Data mining

Synonyms:

Data and text mining

Data mining is the systematic process of discovering patterns in data sets through the use of computer algorithms.

An algorithm is a step-by-step procedure for calculations often involving multiple iterations but always having an endpoint where results become available. Computerisation allows for the application of complex algorithms to large data sets, enabling results to be generated very quickly at negligible cost.

Data mining may also refer to the frowned-upon practice of using statistical tools in an ad hoc fashion to find patterns and correlations in the data that support the researcher's current views. This is often associated with a reluctance on the part of researchers to report (or publish) non-significant correlations, a practice which seems widespread according to research by John Ioannidis (author of “Why Most Published Research Findings Are False”).

Although data mining algorithms are usually applied to large data sets, some algorithms can also be applied to relatively small data sets. Data sets used in data mining are simple in structure: rows describe individual cases (also referred to as observations or examples) and columns describe attributes or variables of those cases. For example, a data set might contain rows representing 20 projects in a portfolio and columns representing selected attributes of each project’s context, interventions and outcomes.

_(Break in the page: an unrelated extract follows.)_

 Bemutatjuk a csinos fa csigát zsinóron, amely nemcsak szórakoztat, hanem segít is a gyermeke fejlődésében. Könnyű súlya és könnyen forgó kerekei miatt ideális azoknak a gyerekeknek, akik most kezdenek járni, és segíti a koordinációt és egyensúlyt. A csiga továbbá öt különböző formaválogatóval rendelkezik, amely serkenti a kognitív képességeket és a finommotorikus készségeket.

The choice of algorithm to use will often depend on the type of data (i.e., nominal, ordinal, ratio or interval) listed in the columns. The ability to work with a mix of data types is particularly relevant to evaluators who may have to be more opportunistic in their use of data than researchers. The ability to use nominal data is important because often categorical data is available to evaluators where variable data is not. For example, it is usually possible to categorise types of interventions or contexts for a project, but more difficult to measure them using a meaningful common unit.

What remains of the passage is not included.